Deterministic gzip compressed outputs #28103

dhimmel · 2019-08-22T21:04:28Z

GZ-compression writes the filename and timestamp into compressed data's header. This means that compressing the same data at different times will produce outputs that are not byte-for-byte identical.

In the past, this has presented problems for OS distros. It now prtesents problems for data science. Specifically, I frequently track compressed files using Git LFS which detects whether a file has changed by its hash. Therefore, if I run a pipeline to create gzip-compressed dataframes exported from Pandas, the .gz outputs will differ every time.

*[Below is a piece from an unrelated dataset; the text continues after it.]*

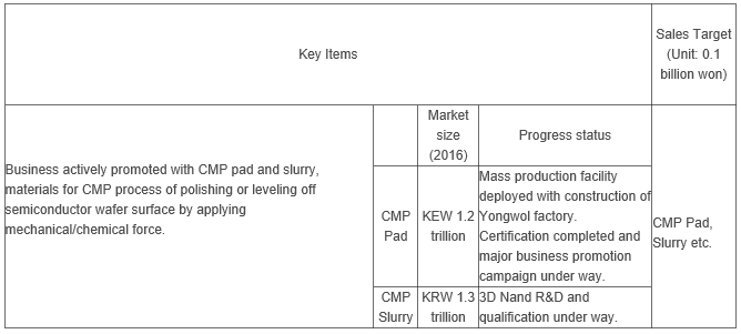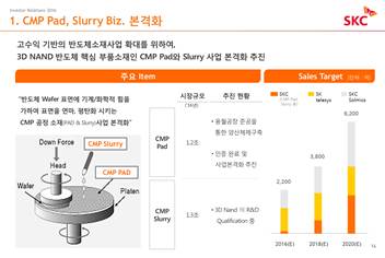 SKC is actively promoting CMP pad and slurry, core materials of 3D and NAND semiconductor parts to establish a highly profitable semiconductor materials business.

Currently, user's can use this hack which globally sets gzip.time to a fake time to create deterministic gzip compression from pandas.DataFrame.to_csv. I propose either of the following approaches that would be much cleaner:

changing Pandas' default behavior to set gzip's mtime to a constant but erroneous time. Whatever gzip --no-name sets would probably be best.
Having some module or function level setting that users could activate for deterministic gzip compression.

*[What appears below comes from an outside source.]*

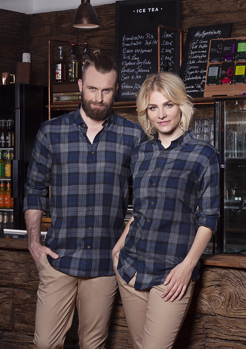 With the Urban Style men's check shirt, you can count on a successful combination of classic charm and modern streetwear flair. The shirt impresses with its trendy navy check pattern, which gives your appearance in the catering, hotel, and service industries a fresh, contemporary touch. The tailored slim fit ensures an elegant silhouette and underlines your professional charisma.

Personally, I don't see much benefit to gzip's timestamp, and therefore prefer solution 1 to 2. It's pretty confusing to users to see gzip outputs change and have to figure out that it's the changing timestamp.

In either case, we should look into the other supported compression methods and check their determinism. We can check time-dependent output with:

import gzip, time
data = b'data to compress'
output_1 = gzip.compress(data)
time.sleep(2)
output_2 = gzip.compress(data)
output_1 == output_2

Here's the docs for gzip --no-name

-n --no-name
When compressing, do not save the original file name and time stamp by default. (The original name is always saved if the name had to be truncated.) When decompressing, do not restore the original file name if present (remove only the gzip suffix from the compressed file name) and do not restore the original time stamp if present (copy it from the compressed file). This option is the default when decompressing.

The text was updated successfully, but these errors were encountered:

WillAyd · 2019-08-23T14:15:55Z

I don't think pandas should stray from the default of the gzip library. Can you not just construct the file you need to write to manually with the argument you want?

TomAugspurger · 2019-08-23T14:31:57Z

If this were added to the standard library then we could add keywords to pass the option through.

…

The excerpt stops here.